Given information:
- - - -
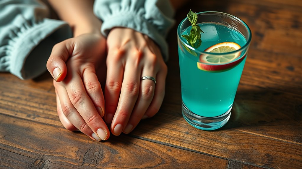 Finally, a pinch of black pepper enhances turmeric’s absorption, maximizing its benefits. By strategically selecting these ingredients, you’ll craft a drink that not only tastes great but also provides significant relief from swollen joints.
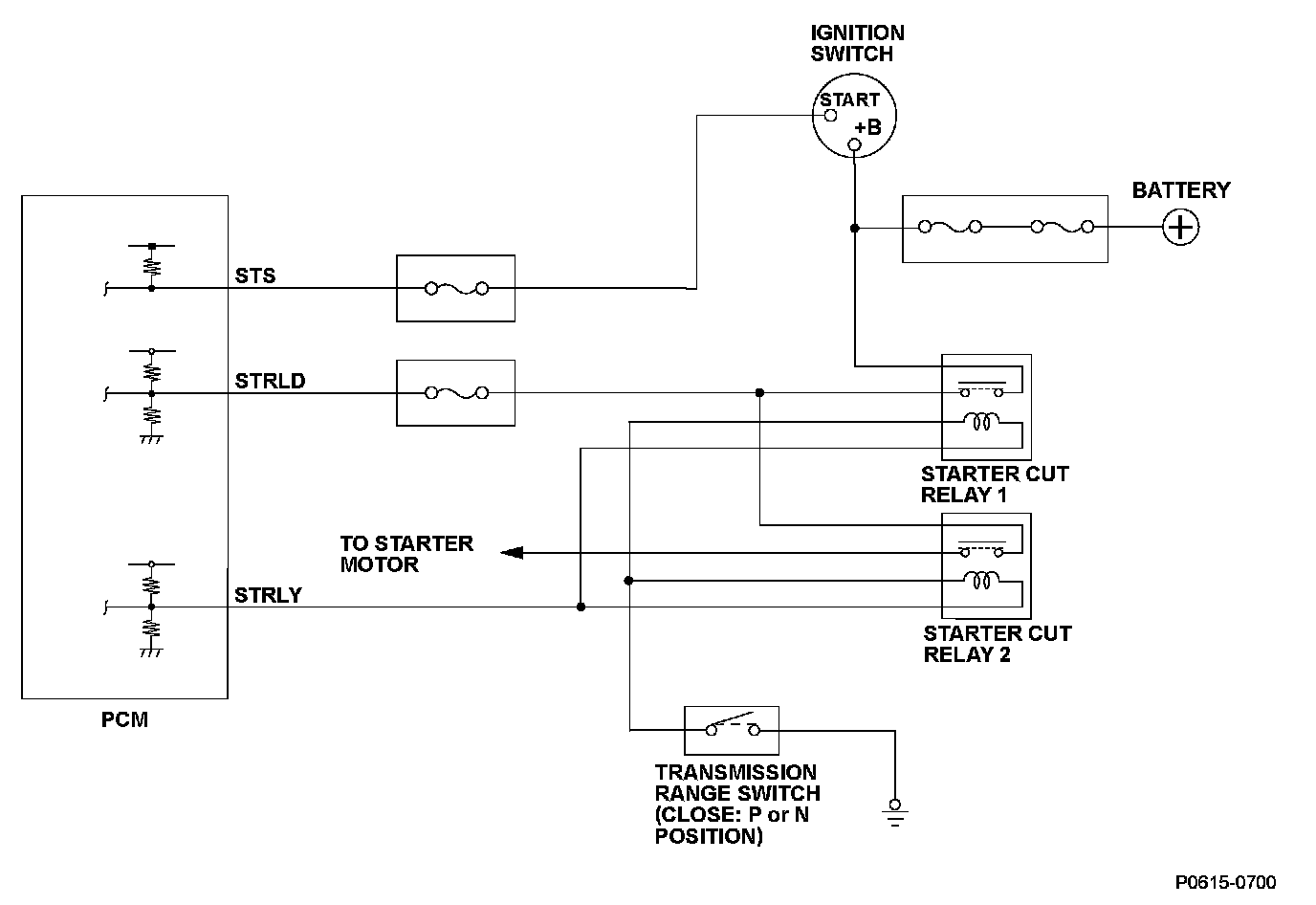 Also a diagnosis line (STRLD) is used to monitor voltage in the middle of starter cut relay 1 and starter cut relay 2. The PCM detects an OPEN malfunction an ON malfunction of starter cut relay 1, and an ON malfunction of starter cut relay 2, according to the information.
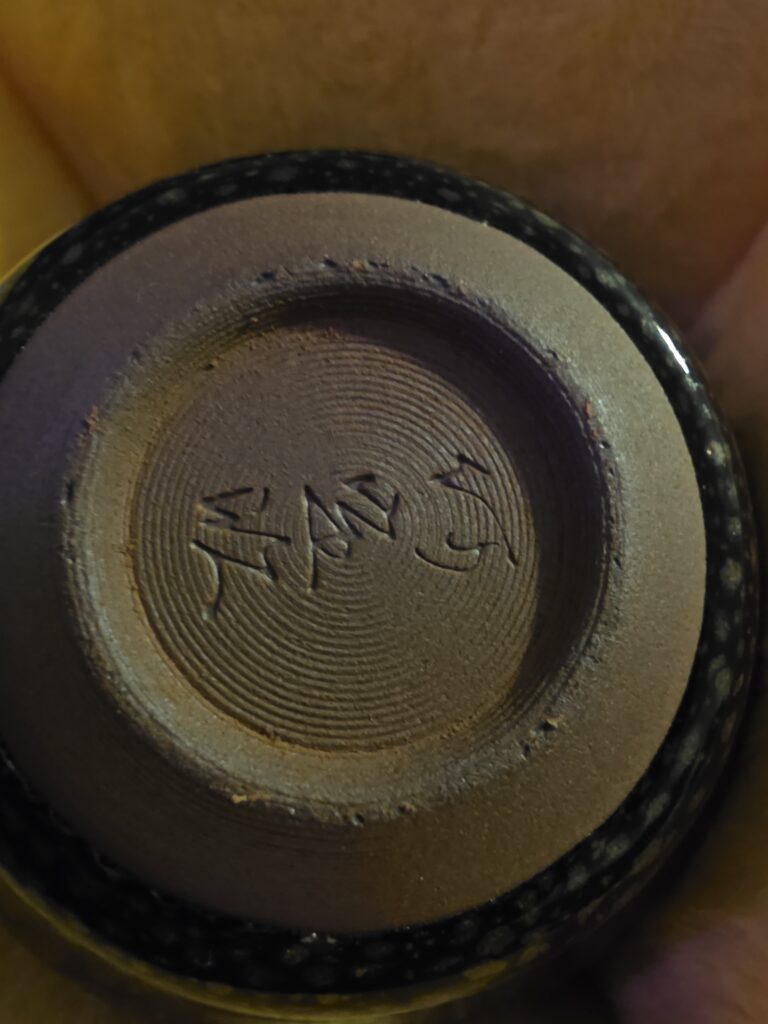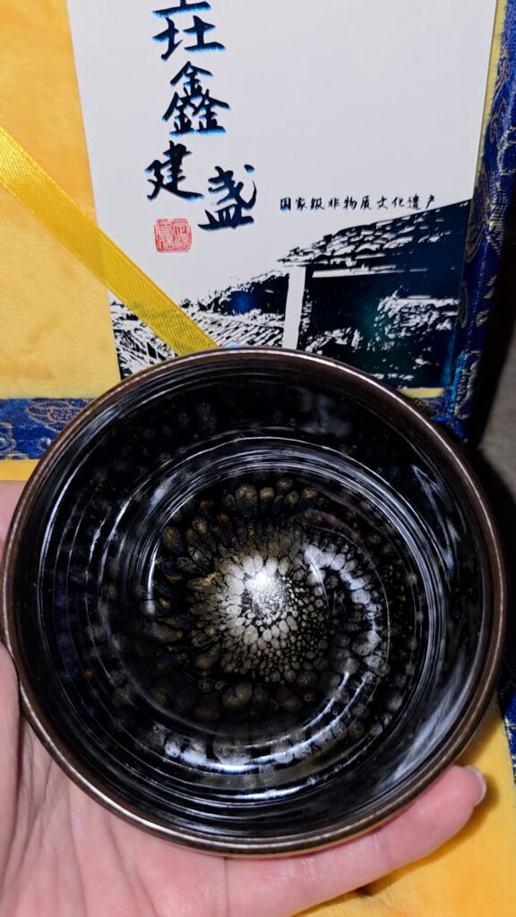 This handcrafted Jianzhan teacup features the distinctive partridge feather glaze — a traditional and highly prized pattern in Song dynasty-style tea ceramics. The glaze forms layered, feather-like streaks with a luminous, sparkling finish that catches the light beautifully. The cup is signed by master ceramicist He Dingxin (何定欣), whose work is known for balancing classical forms with refined contemporary artistry.
- - - -
Nothing but the lines from the line with "Also a diagnosis" through the last line of the listing should be copied, exactly and with both ends kept. Leave pictures out.

Expected answer:
 Also a diagnosis line (STRLD) is used to monitor voltage in the middle of starter cut relay 1 and starter cut relay 2. The PCM detects an OPEN malfunction an ON malfunction of starter cut relay 1, and an ON malfunction of starter cut relay 2, according to the information.
 This handcrafted Jianzhan teacup features the distinctive partridge feather glaze — a traditional and highly prized pattern in Song dynasty-style tea ceramics. The glaze forms layered, feather-like streaks with a luminous, sparkling finish that catches the light beautifully. The cup is signed by master ceramicist He Dingxin (何定欣), whose work is known for balancing classical forms with refined contemporary artistry.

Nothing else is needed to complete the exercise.